[How to complete this task] Please retype the entries below word for word, passing over every picture.

Records contained in a dataset
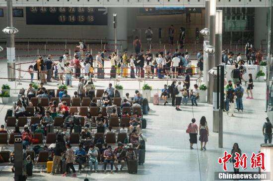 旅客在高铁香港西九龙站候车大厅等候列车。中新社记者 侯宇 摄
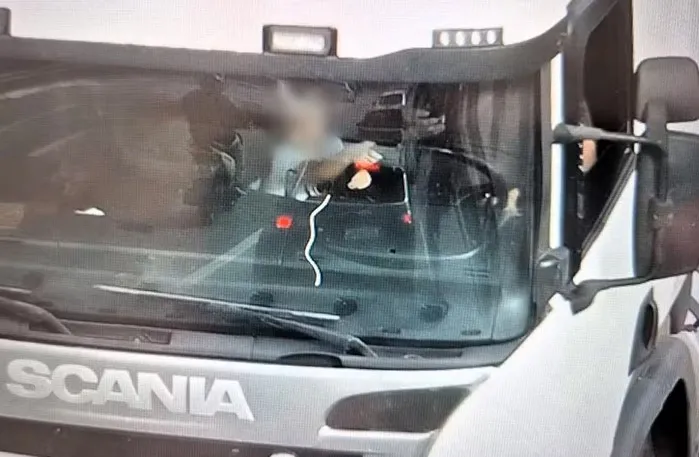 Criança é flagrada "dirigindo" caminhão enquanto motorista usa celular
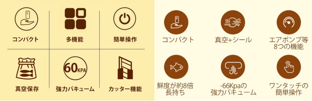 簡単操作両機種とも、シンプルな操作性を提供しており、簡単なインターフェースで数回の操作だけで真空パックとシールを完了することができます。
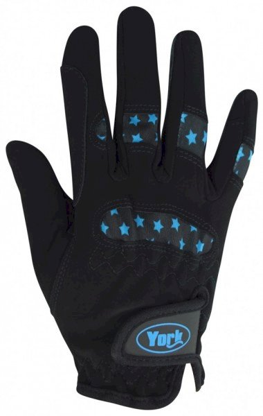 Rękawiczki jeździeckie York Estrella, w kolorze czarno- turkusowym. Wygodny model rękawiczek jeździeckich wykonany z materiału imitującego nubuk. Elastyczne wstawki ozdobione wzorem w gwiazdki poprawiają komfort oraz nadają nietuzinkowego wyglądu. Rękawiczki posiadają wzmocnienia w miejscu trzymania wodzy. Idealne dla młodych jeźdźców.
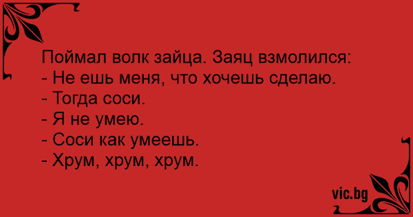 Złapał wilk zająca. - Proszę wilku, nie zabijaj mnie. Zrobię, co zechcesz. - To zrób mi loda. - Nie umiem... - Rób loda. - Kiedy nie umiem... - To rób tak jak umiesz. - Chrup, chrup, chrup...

[Exercise output]
 旅客在高铁香港西九龙站候车大厅等候列车。中新社记者 侯宇 摄
 Criança é flagrada "dirigindo" caminhão enquanto motorista usa celular
 簡単操作両機種とも、シンプルな操作性を提供しており、簡単なインターフェースで数回の操作だけで真空パックとシールを完了することができます。
 Rękawiczki jeździeckie York Estrella, w kolorze czarno- turkusowym. Wygodny model rękawiczek jeździeckich wykonany z materiału imitującego nubuk. Elastyczne wstawki ozdobione wzorem w gwiazdki poprawiają komfort oraz nadają nietuzinkowego wyglądu. Rękawiczki posiadają wzmocnienia w miejscu trzymania wodzy. Idealne dla młodych jeźdźców.
 Złapał wilk zająca. - Proszę wilku, nie zabijaj mnie. Zrobię, co zechcesz. - To zrób mi loda. - Nie umiem... - Rób loda. - Kiedy nie umiem... - To rób tak jak umiesz. - Chrup, chrup, chrup...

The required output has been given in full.